[metrics-team] Hello from blackbird

Su Yu graylatern at gmail.com
Fri Mar 1 21:27:40 UTC 2019

Sorry! I realized I should've added some caption to the figures.

- In the two histograms are the distribution of the age of Tor versions.
Most people have their Tor between 0 - 250 days old and there is a
long-tail distribution.
- In the box plot, the boxes contain the first quantile to the third
quantile of data points, and the line in the center is the median. The
upper and lower "whiskers" show the maximum and minimum of the data, and
the points above the top whisker are outliers.
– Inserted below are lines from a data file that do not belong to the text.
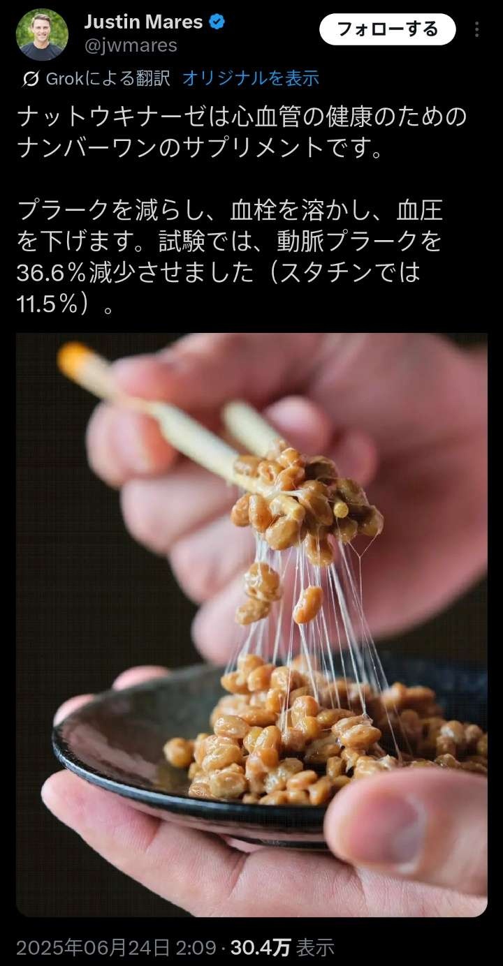 納豆大好きで食いまくってたのに心筋梗塞になってしまったわ
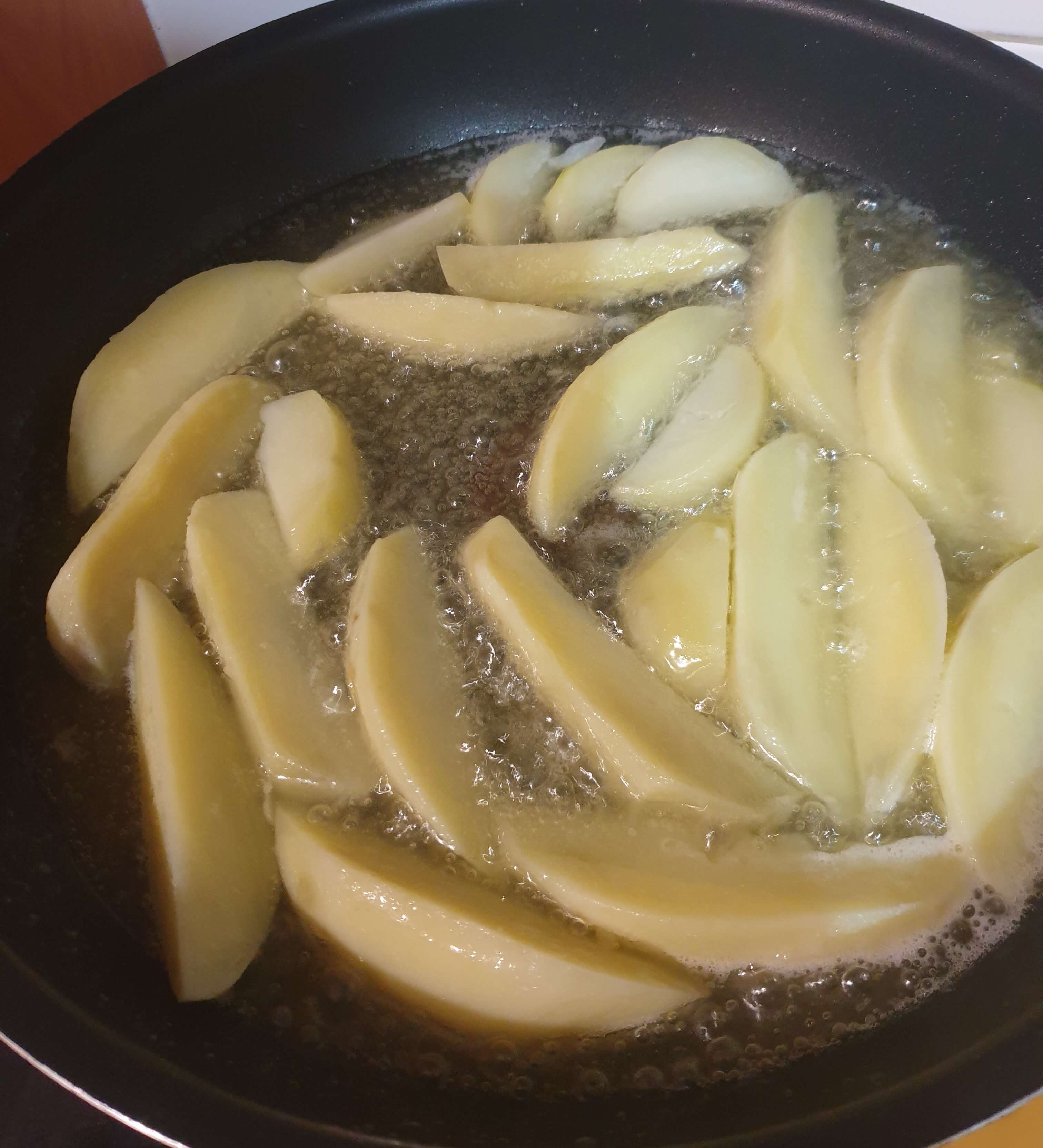 감자 겉면이 바삭하게 익었을 때
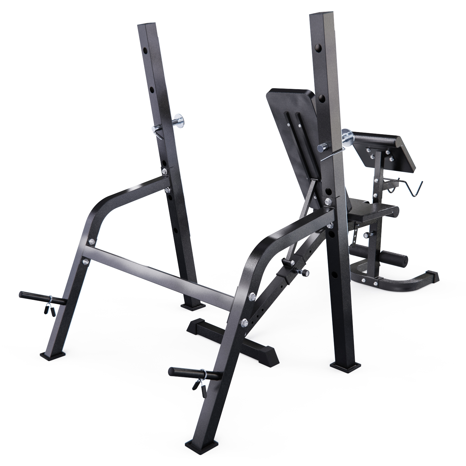Максимально допустимая нагрузка на спортивную скамью составляет 250 кг. Нагрузка на парту может достигать 100 кг, а нагрузка на держатели под штангу составляет 100 кг.
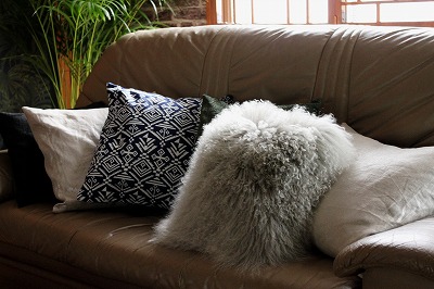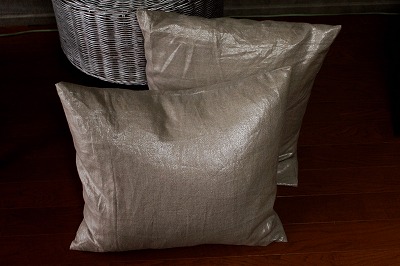 採寸もせず、もともとのクッションカバーをあてて切って縫ったので
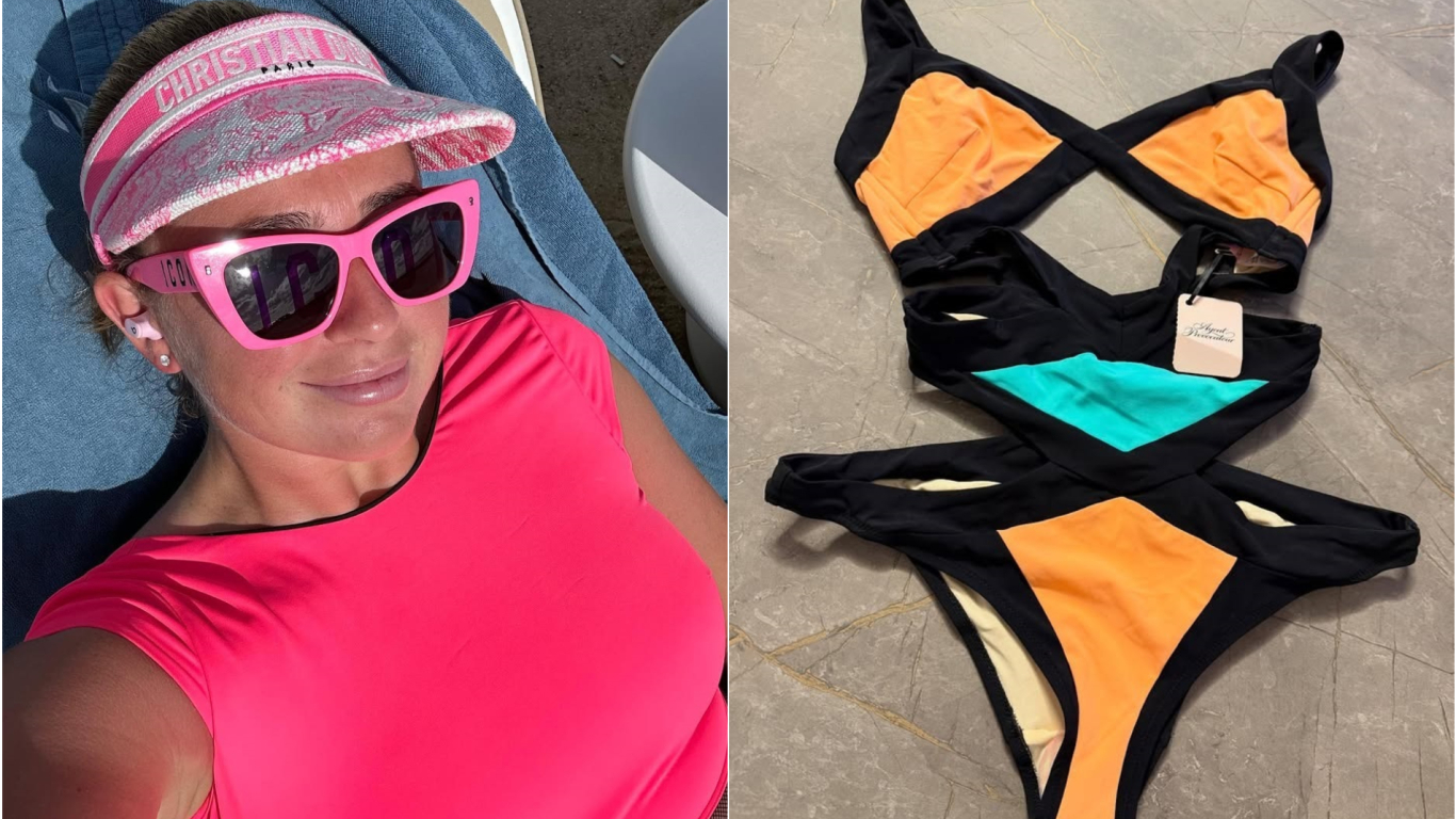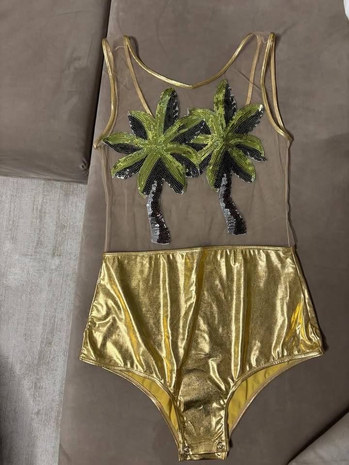 Aļona gatava pārdot arī gluži jaunu zīmola Brigitte peldtērpu, kura krūšu daļu rotā fifīgas palmiņas. Tas maksā 130 eiro, bet Ostapenko par šo kostīmu gribētu saņemt 50 eiro.
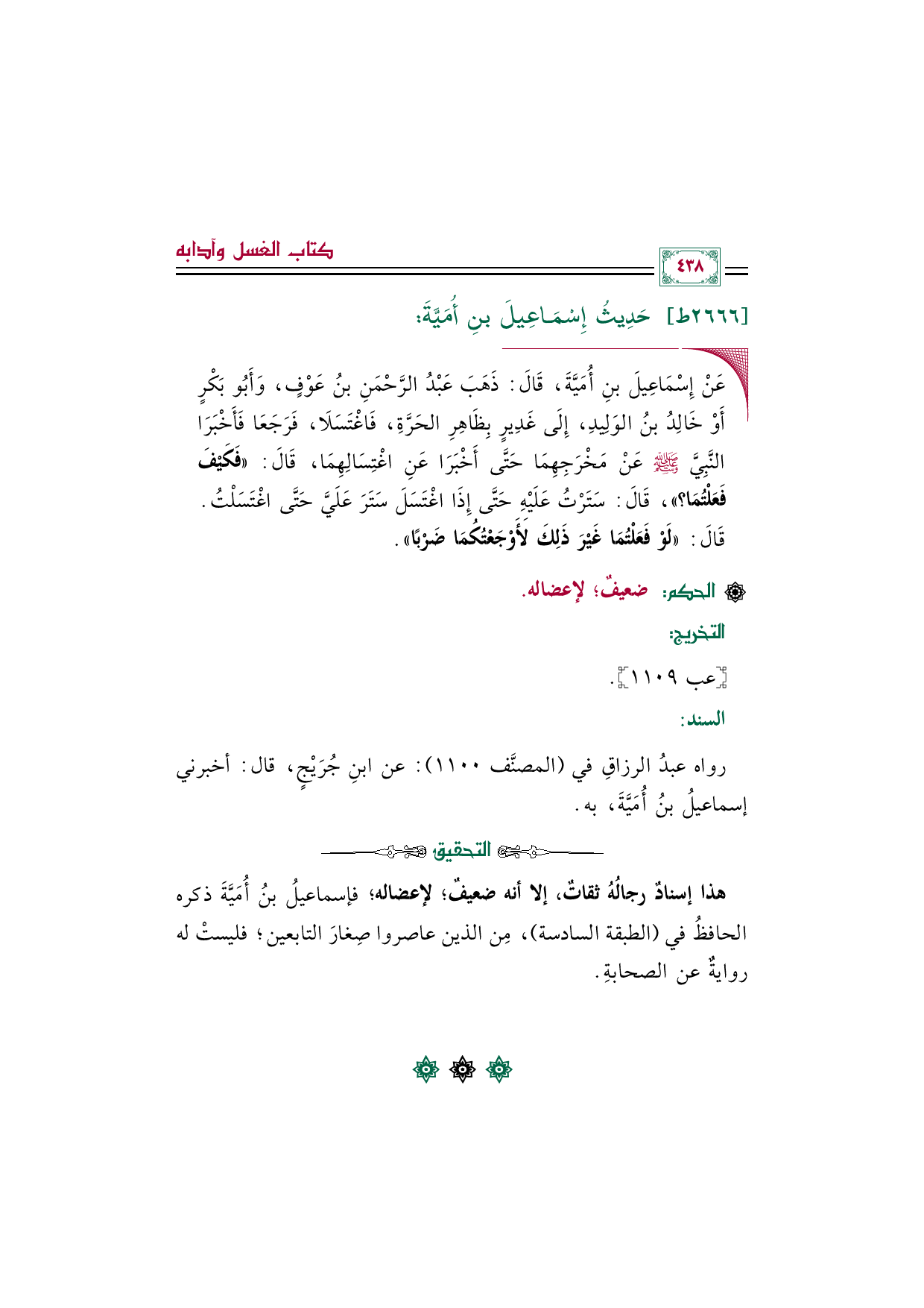 هذا إسنادٌ رجالُهُ ثقاتٌ، إلا أنه ضعيفٌ؛ لإعضاله؛ فإسماعيلُ بنُ أُمَيَّةَ ذكره الحافظُ في (الطبقة السادسة)، مِن الذين عاصروا صِغارَ التابعين؛ فليستْ له روايةٌ عن الصحابةِ.
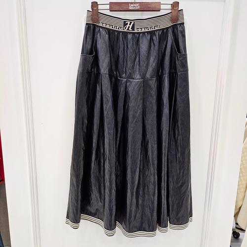 [르니앤맥코이]르니앤맥코이 허리밴딩 핀턱주름 페이크 가죽 스커트 MM11SK002_GN
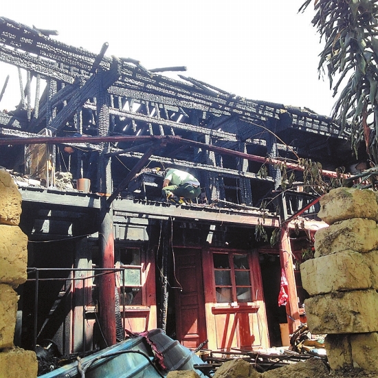 昨天上午9时许,记者在事发现场看到,发生火灾的民房是一幢两层的木质结构房屋,屋顶瓦片全部掉落,一楼靠北的两个房间被熏黑,房屋其余部分全被大火烧焦。

It appears that there are
less bridges with very old versions, but the bridges and relays are similar
in keeping up with new versions.

You're definitely right that the temporal changes are important. I'll focus
on this in some follow-up analysis. I have a couple of questions regarding

1. What is the "date" column in the csv file you shared, specifically?
2. What's a good way to see the the unattended updates data? I can look
into it if you could point me to a general direction.
3. It seems many of the potential questions will require new data. I'm
happy to work on data generation/cleaning; but is there a good way to share
the datasets or figures? They may also be too large for the mail list..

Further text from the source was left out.